He Government of Morocco has officially requested this Friday help Spain to refloat his patrol boat, stranded in the waters of Melilla since more than 30 hours.
According to Europa Press, citing Melilla port sources, the regime of Mohamed VI has activated the operation to request the intervention of specialized means that could arrive from Cádiz, Almería and Cartagena (Murcia).
As a result, the Government Delegation announced around 6:00 p.m. that “due to the situation of the Moroccan patrol boat stranded on the South Dock, the National Maritime Rescue Plan has been activated to proceed to rescue it“.
Since this Thursday at around 10:30 a.m. the Moroccan military and police vessel ran aground next to the South Dam of Melilla, the work to try to recover the patrol boat was being carried out by the Royal Moroccan Navy y two tugboats arrived from the neighboring country, but the jobs have been until now fruitlessEuropa Press continues.
After 30 hours of the maritime incident, these port sources have stressed that the Moroccan authorities have requested Spanish collaboration given that the boat, named ‘El Kaced’has not only been recovered, but has even worsened his situation because part of the boat is sunken, specifically “the stern part.”

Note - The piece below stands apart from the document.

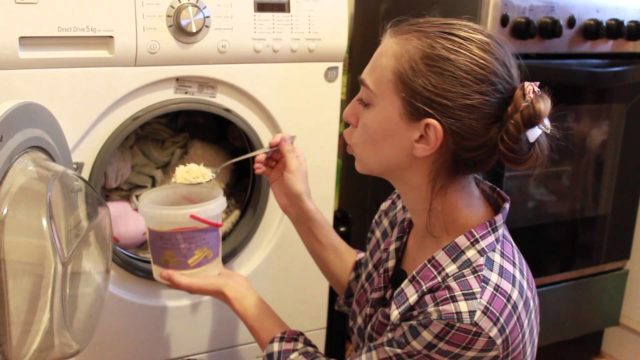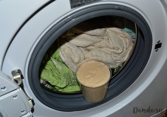 Приготовленную пасту засыпают непосредственно в барабан стиральной машины, но нужно обязательно использовать специальный контейнер.

Before Morocco’s decision, the Port Authority of Melilla had already taken preventive measures in case a patrol boat spill and thereby avoid, should this occur, environmental damage to the Melilla coast.
The Port Authority has put a permanent guard with its police at the South Dam, in case a spill occurs, and at that same moment give notice so that its environmental office applies emergency measures in this type of case. In fact, the president of the public body himself, Manuel Ángel Quevedo, has been following the rescue work of the patrol boat and the consequences if this operation is not possible.
This incident occurred near the South Dam of Melilla, next to La Hípica beachlocated more than half a kilometer from Moroccan port of Beni-Enzar.
From that moment on, the port authorities are “on alert” in case the patrol boat finally ends up sinking and a spill occurs, in which case they activate the emergency measures established by the protocol for emergency situations of this type. They have asserted that the vessel “It has a leak in the hull and they spend all day with the bilge pump“to try to keep it from sinking.
According to these sources, the Moroccan patrol boat left Thursday morning of his base port in Nador when the engines shut down, apparently “due to a breakdown,” and the east wind pushed the boat against the submerged breakwater of the South Dike, in Melillaat which time it ran aground.